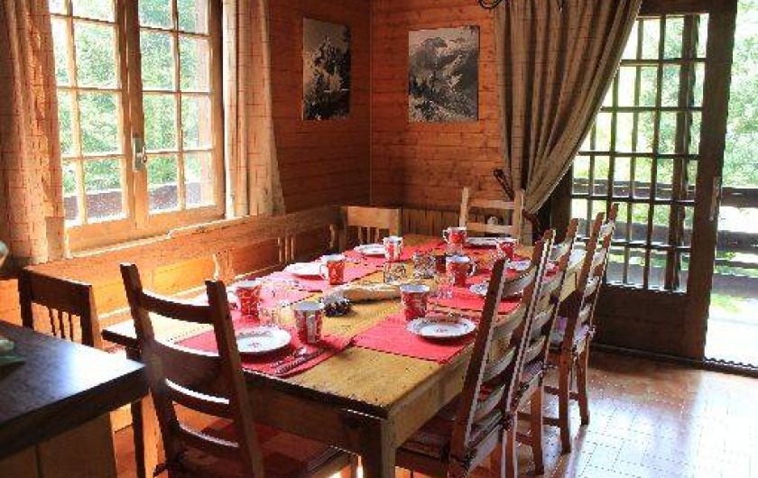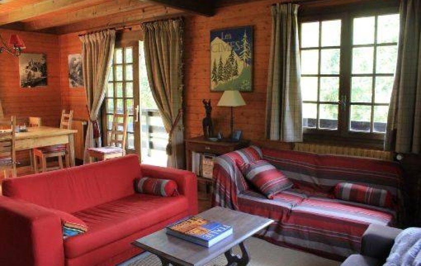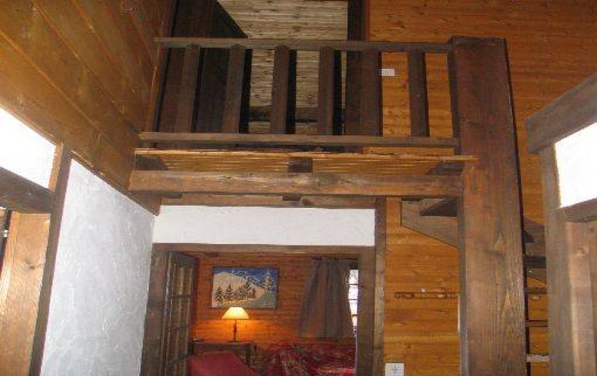 1 étage avec séjour donnant sur balcon avec fenêtres Est, Sud et Ouest comprenant salon avec cheminée, 3 canapés, TV, lecteur DVD, chaine HI-FI, Cuisine américaine avec lave-vaisselle, grand espace repas avec table de ferme pour 8 personnes -une chambre parentale avec lit de 160cm,salle de bain et WC séparés.
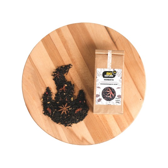 Opis: Opakowanie zawiera 100g czarnej herbaty superior "Rozgrzewająca Woń".
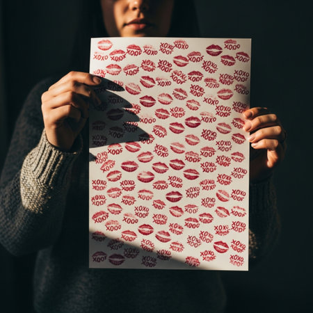 Multiple lipstick kisses on paper
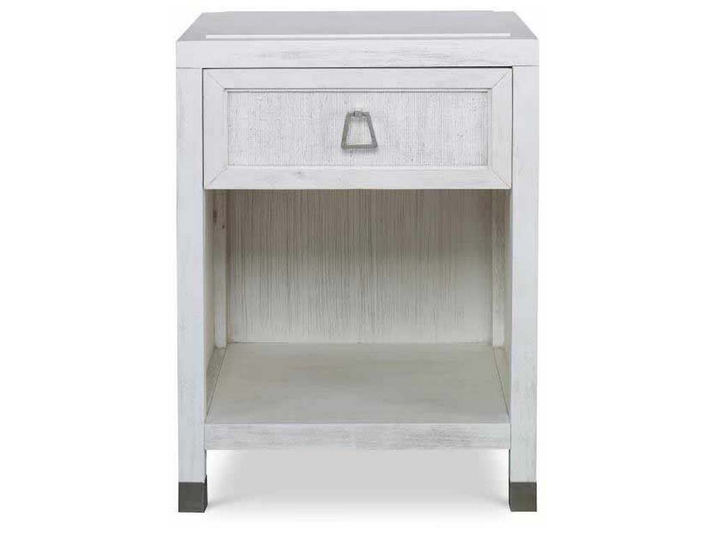 Product Description: Century Furniture CT6004-CN Atlas Single Drawer Nightstand - A refined bedside staple that brings transitional elegance and practical storage to your bedroom. Finished in a soft off-white with refined polished nickel hardware and ferrules, this nightstand echoes the sophisticated details of the Atlas dresser in a more compact form. Its single drawer provides discreet storage while the clean lines and neutral palette make it easy to pair with a variety styles.
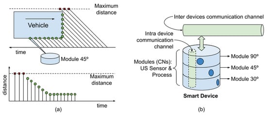 Method to detect the vehicle’s front and side using US rays (a), and the device implemented with US modules (b).
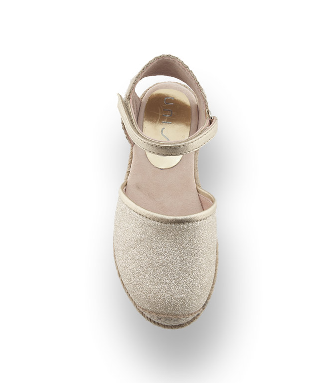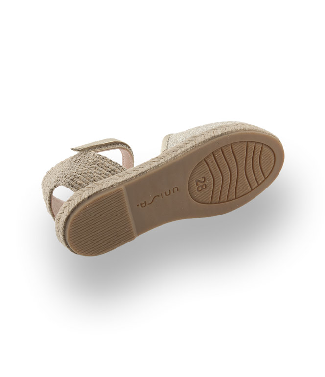 Butterweich und im aktuellen Glitter-Gold glänzt der Espadrillo von Unisa. In hochwertiger Ausführung mit einem kindgerechten Klettverschluss verbringen Mädchen heiße Sommertage auch ohne Söckchen. Ein Lederfutter und eine Lederinnensohle sorgen für ein angenehmes Klima im Schuh. Die geflochtene Hanfsohle wird mit einer Gummilaufsohle ergänzt.

YOUR INSTRUCTIONS - Would you retype every line shown above exactly, leaving the pictures aside?

TASK ANSWER -
 1 étage avec séjour donnant sur balcon avec fenêtres Est, Sud et Ouest comprenant salon avec cheminée, 3 canapés, TV, lecteur DVD, chaine HI-FI, Cuisine américaine avec lave-vaisselle, grand espace repas avec table de ferme pour 8 personnes -une chambre parentale avec lit de 160cm,salle de bain et WC séparés.
 Opis: Opakowanie zawiera 100g czarnej herbaty superior "Rozgrzewająca Woń".
 Multiple lipstick kisses on paper
 Product Description: Century Furniture CT6004-CN Atlas Single Drawer Nightstand - A refined bedside staple that brings transitional elegance and practical storage to your bedroom. Finished in a soft off-white with refined polished nickel hardware and ferrules, this nightstand echoes the sophisticated details of the Atlas dresser in a more compact form. Its single drawer provides discreet storage while the clean lines and neutral palette make it easy to pair with a variety styles.
 Method to detect the vehicle’s front and side using US rays (a), and the device implemented with US modules (b).
 Butterweich und im aktuellen Glitter-Gold glänzt der Espadrillo von Unisa. In hochwertiger Ausführung mit einem kindgerechten Klettverschluss verbringen Mädchen heiße Sommertage auch ohne Söckchen. Ein Lederfutter und eine Lederinnensohle sorgen für ein angenehmes Klima im Schuh. Die geflochtene Hanfsohle wird mit einer Gummilaufsohle ergänzt.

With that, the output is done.